Why data stewards are the real heroes of AI

If your university is thinking about using AI tools, getting the basics of data stewardship right should be your first step. Paul Clark explains more.

Paul Clark is a strategy consultant - until recently he was Vice-President (Strategy) at University College London. He was formerly Chief Executive of HESA, and Director of Policy at Universities UK.

A few years ago – at what felt like the dawn of the data age – data scientists were labeled “unicorns” – in light of the vanishingly small chance of finding all the desired attributes in a single employee.

But as we stand on the brink of the age of artificial intelligence, it’s the humble data stewards who really hold the key to unlocking the benefits of AI for universities. University leaders who truly want to leverage the benefits of data and AI should focus their efforts on good data governance. This starts with the stewards.

As with many sectors, universities are currently at the foothills of exploring what advantages AI can bring. While the spotlight at the moment is on the impact on teaching and learning, assessment, and operational efficiency gains, the level of excitement around what AI might bring to university strategy and operations in the future is high. At a minimum, major advances are predicted in learner analytics, personalized student support, strategic analysis, dramatically accelerated research findings, and major operational efficiencies. But these benefits won’t be realized without a focus on good data governance.

The nirvana for data governance is to ensure there is a “single source of truth” that institutional leaders and decision-makers can draw on quickly when planning and implementing their strategies. But behind this simply-expressed aspiration lies a hinterland of connected activity.

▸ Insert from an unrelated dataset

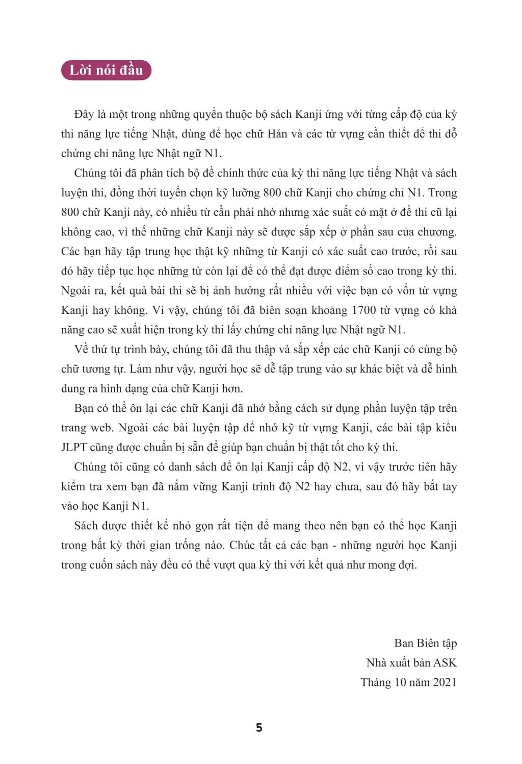 Mua tại TiktokKỳ Thi Năng Lực Nhật Ngữ - Sổ Tay Hán Tự N1 - 800 Bao gồm 800 chữ Hán tự thường được ra trong các Kỳ thi năng lực Nhật ngữ cấp độ N1. Bao gồm các đặc trưng:

The success of the iPod wasn’t down to the iPod

When Apple launched the iPod in 2001, the aim was to make music more accessible and portable, delivering the right song to the right person at the right time. But the handheld device wasn’t the real innovation – that came from the iTunes infrastructure that sat behind it. iTunes was itself a complex, inter-connected network of technology platforms, software, data rights management, copyright and contract agreements, enforcement policies, and market intelligence. Effectively coordinating these disparate components into the iTunes system was what really gave Apple its competitive advantage and made the iPod the market leading device for decades.

Similarly, the aim of a data strategy in a university should be to deliver the right data to the right people at the right time. But achieving this aspiration depends on the effective coordination of such disparate areas as IT infrastructure, software engineering, data management, user requirements, data protection and privacy policy, cyber security, and increased data capability. Managing this in turn depends on good data governance.

Put the people first

What does good data governance look like and how do you get there? As the title suggests, it starts with the data stewards – or, to put it another way, put the people first. The data stewards should work closely with designated data owners, who are managers with accountability for deciding how data is defined and managed in their domains, for example, HR colleagues who look after staff data, or research administration staff who look after research contract and performance data.

At the institutional level, data stewards and data owners should both feed into governance groups and senior-level bodies that are ultimately responsible for making organisation-wide decisions on data policy and management, and for ensuring that the right areas are prioritized.

Layered around this structure should be institutional processes and policies that facilitate efficient and effective data governance. These include data classifications and definitions, storage and integration tools, discovery tools, access and identity management, data protection and privacy policies, and cyber security infrastructure. At the most advanced level, a mature data governance system should also include a focus on automation, innovation, and plans to foster an organisation-wide culture of valuing high-quality data.

Principles for good data governance

Designing and implementing a data governance strategy will yield significant and sustainable benefits for institutions. This can seem overwhelming at first if there isn’t yet mature capability in this area. So where to begin?

You need to make data governance a priority at the senior leadership level. Leaders rightly want and expect data to provide quick and reliable answers when they need them, and AI holds the promise of vastly accelerating this. Achieving this requires a focus on data governance, championed from the top. This approach should include ensuring that the ‘people’ aspects of effective data usage are put first, and a commitment is made to fostering a long-term culture of valuing data as a strategic institutional asset.

There’s a need build a cross-functional group to lead the data governance effort. This should comprise membership from all the relevant areas, including users of the data output. The size and composition will vary from institution to institution, but as a minimum should include colleagues covering planning, IT, data protection, cyber security, compliance, relevant professional functions acting as data owners (e.g., student systems, Finance, HR, Estates), and representative data users.

It is hugely important to prioritise initial areas of focus according to business needs. It may be tempting to take on the whole data ecosystem at once to improve governance and output. However, this could be an overwhelming challenge that leads to loss of momentum and lack of impact. A better approach would be to pick off those issues that are uppermost in the minds of senior institutional leaders, and work to improve the governance of the data in those areas first. For example, an institution may want to look closer at diversity and equality, in which case the data governance strategy should focus on HR in the first instance. Or there may be an issue with student recruitment and retention, in which case the first priority should be student data. Building data governance around user needs is essential to its success.

The benefits available to universities from data and AI are increasing exponentially as technology and practice evolve at pace. Those institutions that get data governance right will be best placed to maximise the coming opportunities.